## Source information
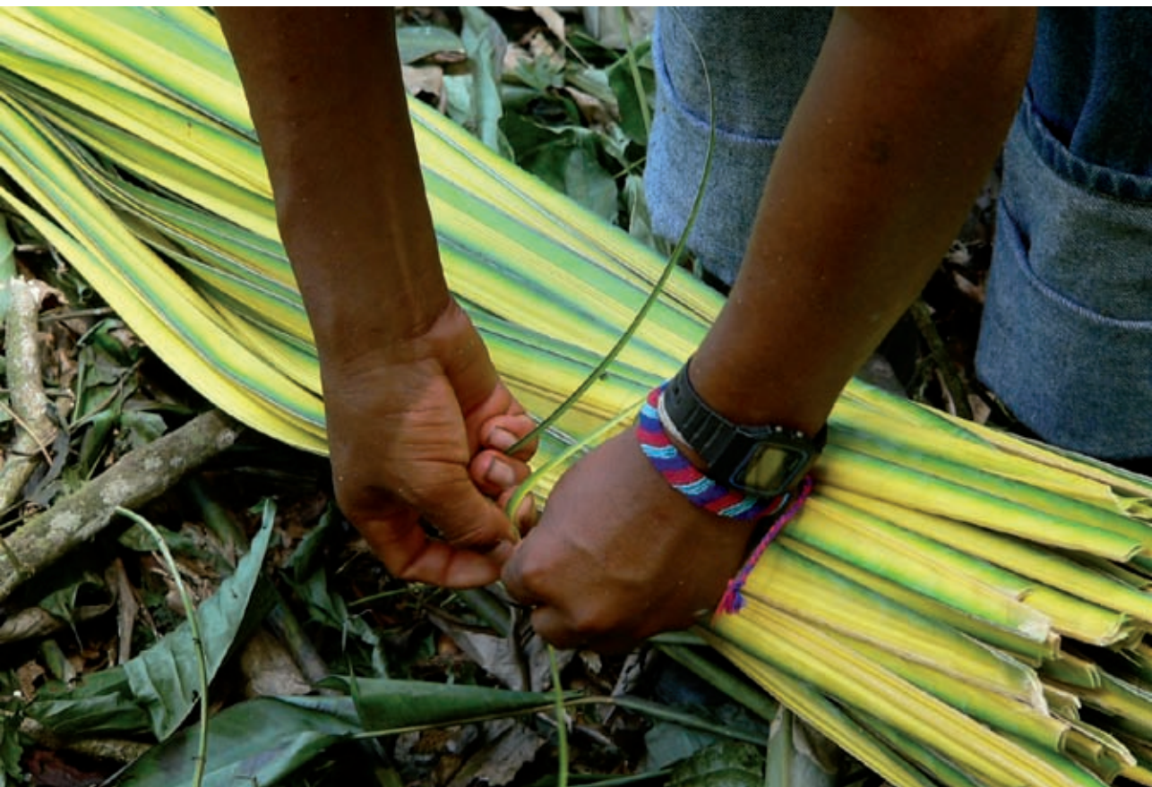
Foto 16. Extracción de Cumare

Extracción y preparación: Se utiliza el cogollo de la palma y las hojas que estén buenas (jechas); sin embargo, para otras regiones de la Amazonia, se ha encontrado que sólo se utilizan las hojas jóvenes. Las hojas son llevadas a la casa del artesano donde se extrae la fibra que puede ser trenzada para la elaboración de utensilios.
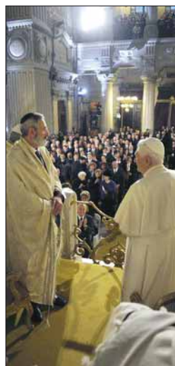
dedicado que se halla a la entrada del templo.

Antes de acceder a la Sinagoga, Benedicto XVI rindió homenaje a los más de 1.000 judíos romanos que perdieron la vida en los campos de exterminio nazis ante la placa que se les ha
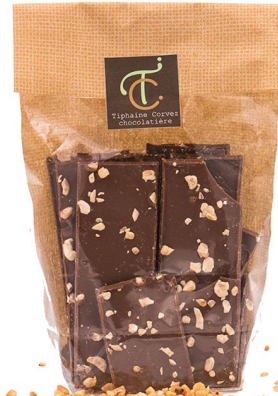
Croq' Noisette (lait) 100g : 7,50 €
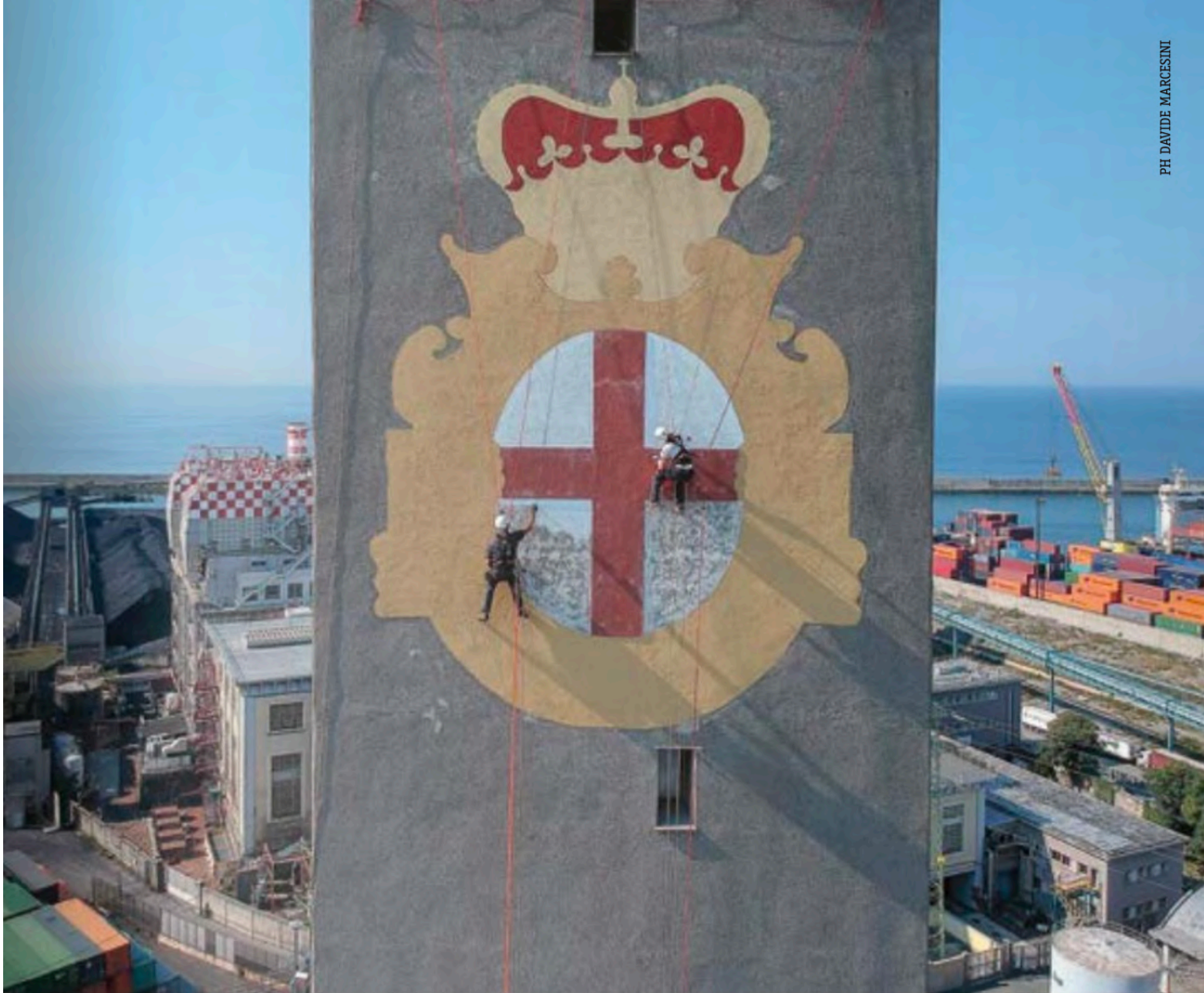
INTERVENTO DI VALORIZZAZIONE E RESTAURO DELLO STEMMMA DELLA LANTERNA - GENOVA

L'immagine della croce di San Giorgio sulla Lanterna, simbolo di Genova, che giorno dopo giorno quasi per una magia, riprendeva colore senza che i cittadini vedessero il cantiere, è uno degli esempi recenti ma ovviamente non l'unico, del restauro in quota di cui la ditta Formento di Finale Ligure è uno dei leader italiani.
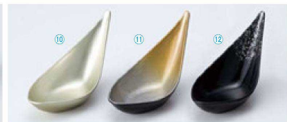
TA プチしずく珍味入 (12.5×5.2×7) 個400
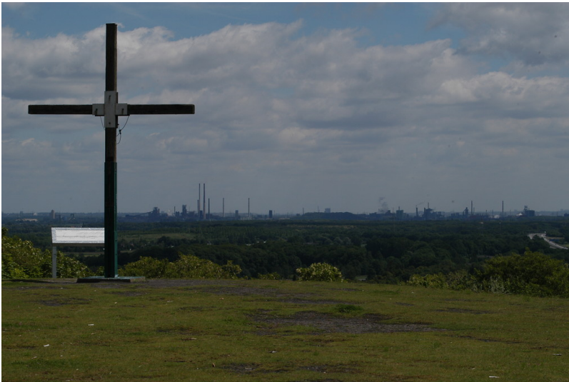
Die Halde Pattberg in Moers - Blick über das Umland (2006)
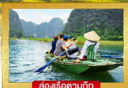
ล่องเรือตามก๊ก
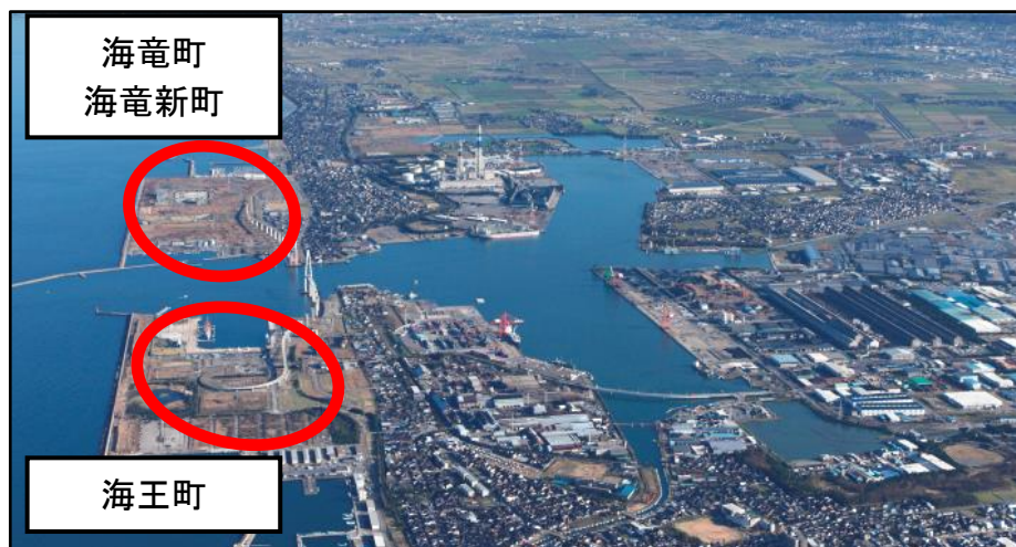
(図3) 海王町、海竜町、海竜新町

東側に日本海側最大級の停船施設「新湊マリーナ」、西側に帆船海王丸が係留される「海王丸パーク」、両岸を日本海側最大級の新湊大橋でつなぐ射水ベイエリア。リゾートホテルの利用が検討できるエリア。
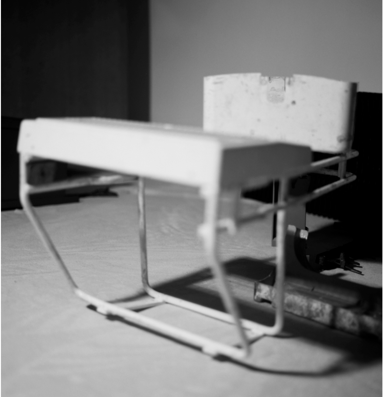
Sans titre , Série Transats , 2002 Photographie noir et blanc, 24 x 24 cm

Né en 1960 à Cully, Vit et travaille à Bruxelles
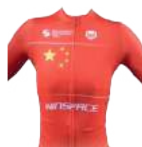
XDS CHINA WOMEN TEAM
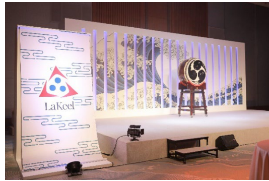
和を基調としたステージ
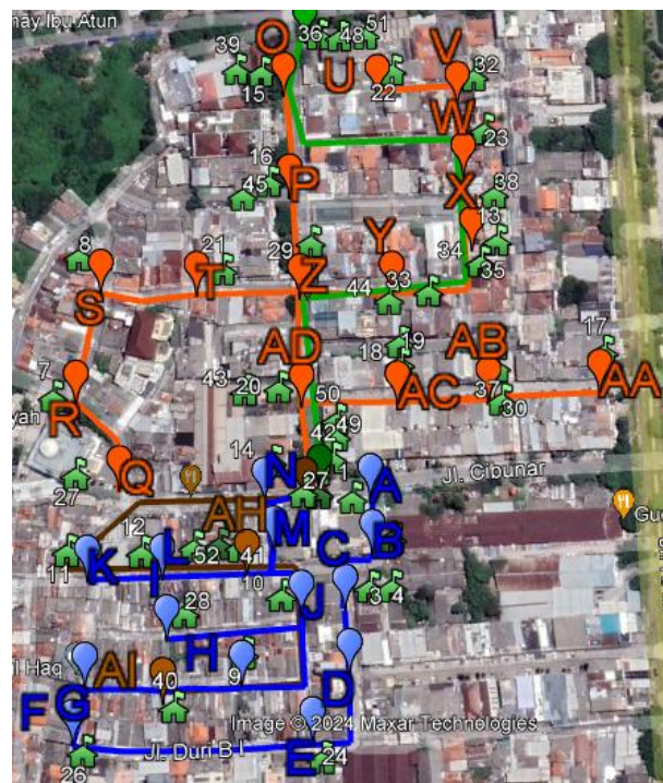
Gambar 2. Lokasi Penelitian

Dalam penelitian ini, jenis kabel serat optik yang digunakan adalah tipe 12 core. Pemilihan jumlah core sebanyak 12 didasarkan pada ketersediaan ODP di lapangan. Peneliti melaksanakan penelitian dengan lokasi berada di Jalan Duri Gambir, Kec. Gambir, di Jakarta Pusat.
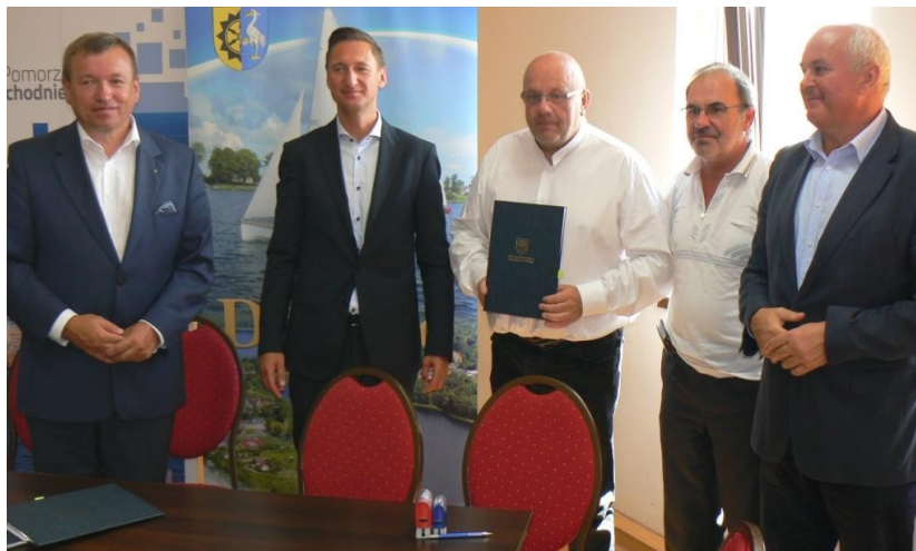
Zdj. Posiedzenie Zarządu Województwa Zachodniopomorskiego w Drawnie, podpisanie umowy przez LOT.

„ZAPROŚ NAS DO SIEBIE” . W ramach Projektu „Zaproś nas do siebie” pod patronatem Narodowego Centrum Kultury, w DOK odbyły się trzy spotkania, w trakcie których zespół społeczników składający się z przedstawicieli organizacji pozarządowych, Gminy Drawno, placówek oświatowych, Biblioteki Publicznej w Drawnie, Środowiskowego Domu Samopomocy w Drawnie, Drawieńskiego Parku Narodowego oraz sołtysów przygotowywał strategię rozwoju Drawieńskiego Ośrodka Kultury.

## The problem
Each entry needs to be retyped exactly; the pictures stay out.

## Response to this exercise
Foto 16. Extracción de Cumare

Extracción y preparación: Se utiliza el cogollo de la palma y las hojas que estén buenas (jechas); sin embargo, para otras regiones de la Amazonia, se ha encontrado que sólo se utilizan las hojas jóvenes. Las hojas son llevadas a la casa del artesano donde se extrae la fibra que puede ser trenzada para la elaboración de utensilios.
dedicado que se halla a la entrada del templo.

Antes de acceder a la Sinagoga, Benedicto XVI rindió homenaje a los más de 1.000 judíos romanos que perdieron la vida en los campos de exterminio nazis ante la placa que se les ha
Croq' Noisette (lait) 100g : 7,50 €
INTERVENTO DI VALORIZZAZIONE E RESTAURO DELLO STEMMMA DELLA LANTERNA - GENOVA

L'immagine della croce di San Giorgio sulla Lanterna, simbolo di Genova, che giorno dopo giorno quasi per una magia, riprendeva colore senza che i cittadini vedessero il cantiere, è uno degli esempi recenti ma ovviamente non l'unico, del restauro in quota di cui la ditta Formento di Finale Ligure è uno dei leader italiani.
TA プチしずく珍味入 (12.5×5.2×7) 個400
Die Halde Pattberg in Moers - Blick über das Umland (2006)
ล่องเรือตามก๊ก
(図3) 海王町、海竜町、海竜新町

東側に日本海側最大級の停船施設「新湊マリーナ」、西側に帆船海王丸が係留される「海王丸パーク」、両岸を日本海側最大級の新湊大橋でつなぐ射水ベイエリア。リゾートホテルの利用が検討できるエリア。
Sans titre , Série Transats , 2002 Photographie noir et blanc, 24 x 24 cm

Né en 1960 à Cully, Vit et travaille à Bruxelles
XDS CHINA WOMEN TEAM
和を基調としたステージ
Gambar 2. Lokasi Penelitian

Dalam penelitian ini, jenis kabel serat optik yang digunakan adalah tipe 12 core. Pemilihan jumlah core sebanyak 12 didasarkan pada ketersediaan ODP di lapangan. Peneliti melaksanakan penelitian dengan lokasi berada di Jalan Duri Gambir, Kec. Gambir, di Jakarta Pusat.
Zdj. Posiedzenie Zarządu Województwa Zachodniopomorskiego w Drawnie, podpisanie umowy przez LOT.

„ZAPROŚ NAS DO SIEBIE” . W ramach Projektu „Zaproś nas do siebie” pod patronatem Narodowego Centrum Kultury, w DOK odbyły się trzy spotkania, w trakcie których zespół społeczników składający się z przedstawicieli organizacji pozarządowych, Gminy Drawno, placówek oświatowych, Biblioteki Publicznej w Drawnie, Środowiskowego Domu Samopomocy w Drawnie, Drawieńskiego Parku Narodowego oraz sołtysów przygotowywał strategię rozwoju Drawieńskiego Ośrodka Kultury.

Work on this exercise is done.